| Livestock Research for Rural Development 31 (3) 2019 | Guide for preparation of papers | LRRD Newsletter | Citation of this paper |
Coastal aquaculture of Asian seabass L. calcarifer in Cambodia is in an early phase of development and salinity of coastal waters varies both seasonally and geographically based on terrestrial influx and rainfall. We evaluated performance of fry and juvenile Asian Seabass of Cambodian origin in terms of growth, feed conversion (FCR), condition factor (CF) and mortality, at differing salinities found in Cambodian coastal aquaculture. Fry were reared for 14 days in duplicate treatment tanks at salinities of 0, 5, 10 and 20psu with a start and final weight of 0.32 and 1.9g, respectively across all salinity treatments. Fingerling fish were reared for 56 days in triplicate treatment tanks at salinities of 10, 20 and 30psu, with a mean start and final weight of 7 and 60g, respectively; there was no significant effect of salinity on final weight. In the fry experiment, mortality was below 1% and not related to salinity. In the fingerling experiment, mortality was zero. No consistent or significant effect of salinity treatment were noted on growth, measured either as increase in total weight or as specific growth rate (SGR). Neither was any consistent effect of salinity level determined for FCR, or CF. We conclude that farming of early life stages of Cambodian Asian seabass can be performed in a wide range of salinities from as small as 0.3g. We also note that there is very high variance in growth rates amongst the fingerling cohort suggesting potential for improvement through selective breeding in this nascent industry in Cambodia.
Keywords: barramundi, fish, Giant Sea perch, mortality, recirculating system
Marine aquaculture in Cambodia is still in an early phase but is expected to increase in importance as returns from capture fisheries are declining (Joffre et al 2016; Sen et al 2018). In order to succeed, this emerging industry is in need of relevant country-specific knowledge. Asian seabass, also called giant sea perch or barramundi, is an economically important fish for food and sport in the tropical and subtropical areas of the Western Pacific Ocean and the Indian Ocean, and one of the focus species for the developing Cambodian marine aquaculture industry. Asian seabass is fast growing, with potential to gain in excess of 1kg per year and attain market size within 8 months. It has firm, white flesh and commands a high market price, making it desirable for farming. Asian seabass is also highly resilient, tolerating handling, high stocking densities, and accepts a wide range of artificial feeds. Consequently, Asian sea bass have been widely domesticated for aquaculture throughout tropical and subtropical Asia and Oceania (Boonyaratpalin 1997).

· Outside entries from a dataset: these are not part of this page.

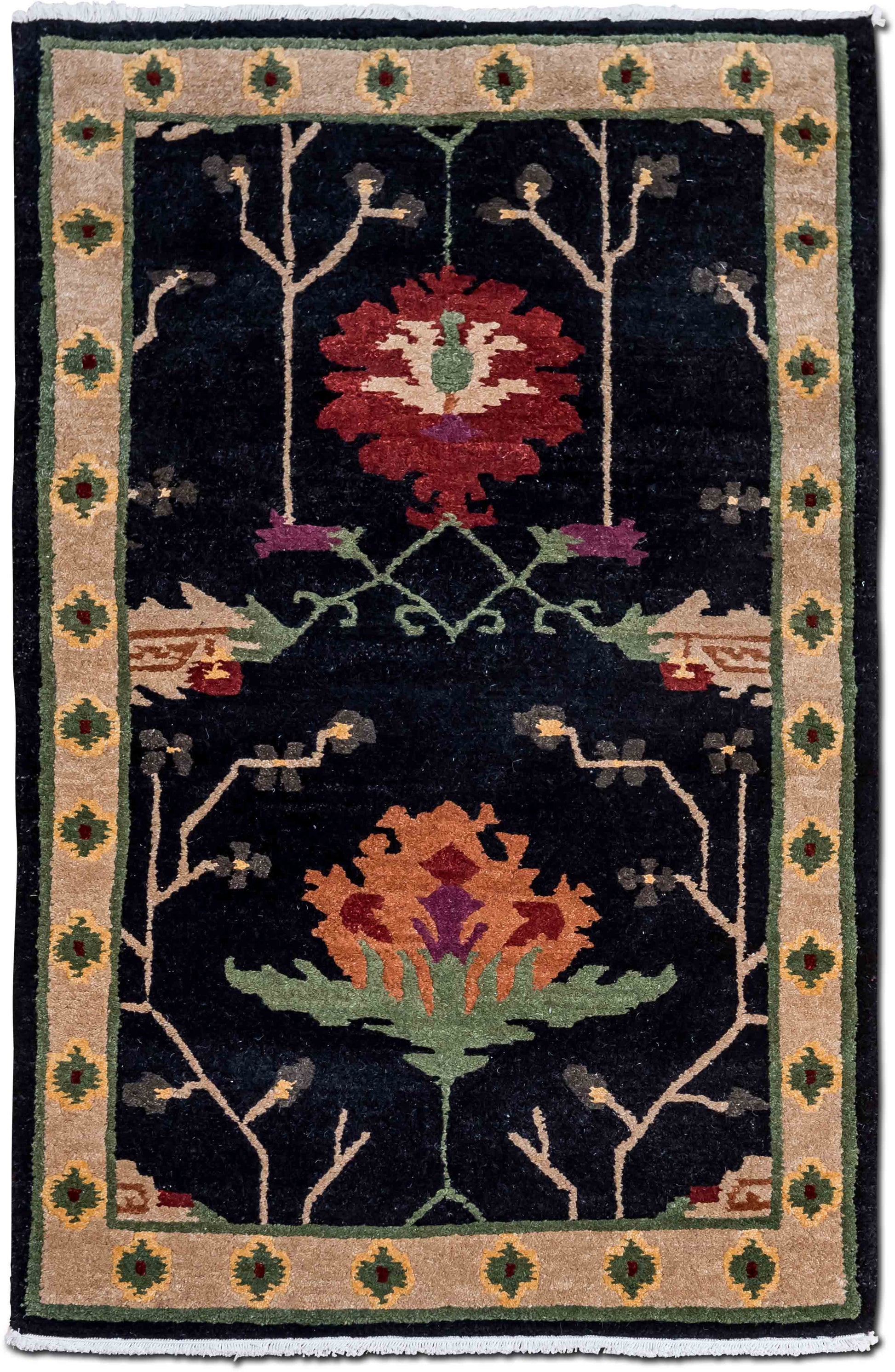 Fine detailing and a highly layered narrative, Big Donegal is one of our most popular Arts and Crafts border rugs. Charming, artful motifs are delicately rendered in the finest Himalayan wool. The dark ebony black field is adorned with neutral earth tones, a versatile traditional carpet. Big Donegal Ebony is available in our standard sizes of 3x5, 6x9, 8x10, 9x12, 10x14 and 12x16. Custom sizes, runners, squares and rounds available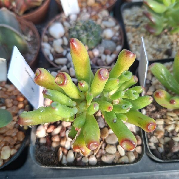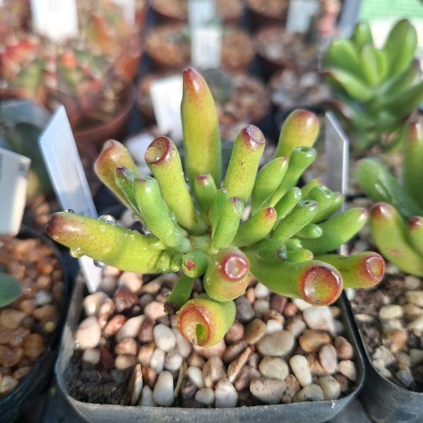 Crassula ovata, algemeen bekend as die Jadeplant, is ‘n gewilde vetplant wat van Suid-Afrika af kom. Dit het dik, blink, ovaalvormige blare wat meestal groen is, maar wat ‘n rooiige kleur aan die kante kan ontwikkel wanneer dit aan sonlig blootgestel word. Hierdie taai plant is bekend vir sy veerkragtigheid en kan as ‘n klein bos of bomek groei. Dit blom met klein, stervormige wit of pienk blomme in die laat winter of vroeë lente. Crassula ovata word dikwels as ‘n dekoratiewe huisplant gekweek en word in sommige kulture met geluk en voorspoed geassosieer.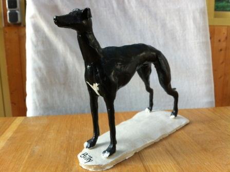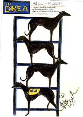 Wenn Windhund Menschen zusammen sitzen kommen manchmal die komischsten Sachen raus. Bärbel unsere Künstlerin erzählt was von Modelliermasse und ich gleich voller Begeisterung. „Eine Freundin von mir hat sich auch an Modelliermasse versucht und hat eine ganz tolle Figur von meinem Hund Billy gemacht.“ (siehe Bild 1) ich also voller Stolz. „Ich hab nicht nur eine Windhundfigur. Ich hab eine Billyfigur!!!“ Darauf kommt von Bernhard ganz trocken. „Gib nicht so an. Ich hab Zuhaus ein ganzes Billy Regal.“ Das hat Bärbel dann auf ihre Art für uns fest gehalten. (siehe Bild 2)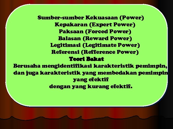 Sumber-sumber Kekuasaan (Power) Kepakaran (Expert Power) Paksaan (Forced Power) Balasan (Reward Power) Legitimasi (Legitimate Power) Referensi (Refference Power) Teori Bakat Berusaha mengidentifikasi karakteristik pemimpin, dan juga karakteristik yang membedakan pemimpin yang efektif dengan yang kurang efektif.

Asian seabass is a euryhaline fish tolerating a wide range of salinity. In the wild they are catadromous and generally ascend coastal rivers and creeks into freshwater during young adulthood, but they can be found in brackish estuarine, lagoon, rivers and in the coastal area throughout their adult life (Grey 1987). Newly-hatched fry at 15–20 days old or 0.4–0.7cm are distributed along the coastline of brackish water estuaries while at the size of about 1cm can be found in freshwater bodies e.g. rice fields and lakes (Bhatia and Kungvankij 1971). Maturing fish migrate downstream to higher salinity waters where they spawn with the fertilized eggs requiring seawater in order to develop (Davis 1986). Consequently, eggs but also fry and juvenile stages have a narrower range of tolerance of salinity and temperature than adults (Russell and Garret 1983, 1985).
In Thailand, Asian seabass is farmed in fresh water or brackish water ponds either as monoculture or in polyculture with forage fish like tilapia (Oreochromis mossambicus or O. niloticus), which may serve as food for seabass. Asian seabass in Cambodia are predominantly farmed in fixed or floating net cages in coastal waters, most commonly in salinities ranging from 10-30psu (Practical Salinity Units) depending on location along the coast, with salinity in coastal waters also fluctuating during rainy and dry season (Cheong 1989; Sen et al 2018). However, in Tahiti, seabass is successfully grown in seawater at 35psu salinity (Cheong 1989; Fuchs 1989) indicative of the flexibility of this species to different salinity farming conditions.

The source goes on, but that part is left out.